Insignificância de crime na Câmara

Frederico Vasconcelos

O cidadão apresentou-se em um gabinete da Câmara dos Deputados, identificou-se falsamente como padre de uma paróquia de Pernambuco e disse ter sido autorizado pelo deputado a fazer uma ligação telefônica.

Iludida pela fraude, a secretária do parlamentar permitiu que ele utilizasse o telefone.

Percebendo a pouca vigilância no gabinete, o falso sacerdote abriu a gaveta da secretária e surrupiou a carteira de couro com os documentos pessoais da servidora.

O caso chegou ao Supremo Tribunal Federal (*).

O Superior Tribunal de Justiça negara habeas corpus objetivando a absolvição do falso padre, pela aplicação do princípio da insignificância e, alternativamente, pela aplicação do privilégio previsto ao furto qualificado [se o criminoso é primário, e é de pequeno valor a coisa furtada, o juiz pode substituir a pena de reclusão pela de detenção, diminuí-la de um a dois terços, ou aplicar somente a pena de multa].

O STJ entendera que “as circunstâncias em que o delito foi cometido inviabilizam, no caso, o reconhecimento da figura privilegiada”.

A defesa foi ao Supremo, pois pretendia ver restabelecida a sentença condenatória que, expressamente, reconheceu a primariedade do recorrente, bem como o pequeno valor do furto (R$ 100,00).

O Ministério Público Federal manifestou-se pelo provimento parcial do recurso.

“Em que pesem os fundamentos lançados pelo Superior Tribunal de Justiça, as circunstâncias qualificadoras do crime de furto não se mostram conflitantes com a primariedade do réu e o pequeno valor do bem furtado, inexistindo razão jurídica para o não reconhecimento da figura do furto qualificado-privilegiado”, opinou a Subprocuradora-Geral da República Cláudia Sampaio Marques.

“O crime foi cometido mediante fraude, no interior de uma repartição pública”, registrou a subprocuradora. “No entanto, o recorrente é primário, de bons antecedentes e a coisa furtada de pequeno valor (fatos registrados na sentença).

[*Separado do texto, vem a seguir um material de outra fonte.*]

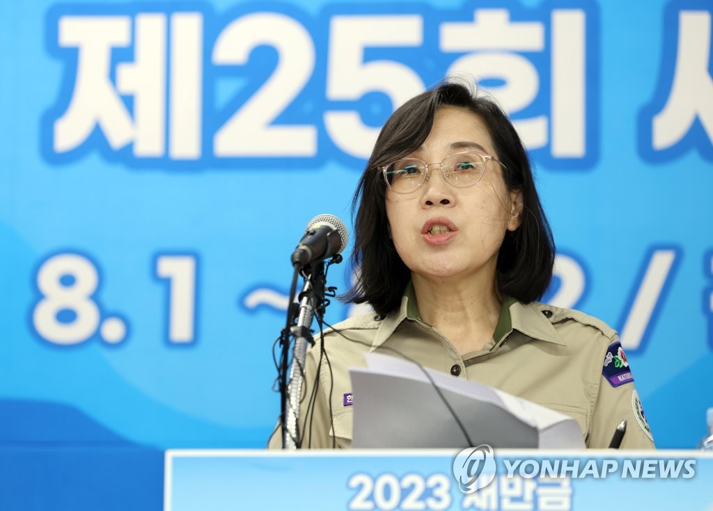 ▲ 발표하는 김현숙 장관 (부안=연합뉴스) 정경재 기자 = 김현숙 여성가족부 장관이 6일 2023 새만금 세계스카우트잼버리 프레스센터에서 브리핑하고 있다. 2023.8.6 jaya@yna.co.kr

Nessas circunstâncias, nada há que impeça a incidência cumulativa das circunstâncias qualificadora e de privilégio”.

No último dia 12, por maioria de votos, a Turma deu provimento ao recurso ordinário em habeas corpus, nos termos do voto do relator, ministro Luiz Fux, vencido o ministro Marco Aurélio, que o desprovia.

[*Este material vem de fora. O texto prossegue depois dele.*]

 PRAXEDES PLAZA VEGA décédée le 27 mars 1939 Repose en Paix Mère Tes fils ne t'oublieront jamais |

(*) RECURSO ORDINÁRIO EM HABEAS CORPUS Nº 115.225 – DF

Comentários

  1. o que ja gastou com o processo daria para comprar um monte de carteiras.
    Agora isto e normal no dia a dia, o sistema e irracional.

  2. Entendi bem? Opinativo ministerial pelo reconhecimento da insignificância?! Ué, mas não era os juízes que tinham mentalidade “pró-impunidade”?

    1. Entendeu mal. O MP opinou pelo reconhecimento do privilégio constante do artigo 155, § 2º: se o criminoso é primário, e é de pequeno valor a coisa furtada, o juiz pode substituir a pena de reclusão pela de detenção, diminuí-la de um a dois terços, ou aplicar somente a pena de multa. Se a ação fosse insignificante, o agente não teria sido denunciado ou, se o fosse, deveria ter sido abolvido. O larápio foi condenado, na forma da lei. O MP defendeu, inclusive, uma tese combatida rotineiramente pelas defesas: a possibilidade de que o crime privilegiado seja, também, qualificado, quando presentes duplamente as correspondentes circustâncias.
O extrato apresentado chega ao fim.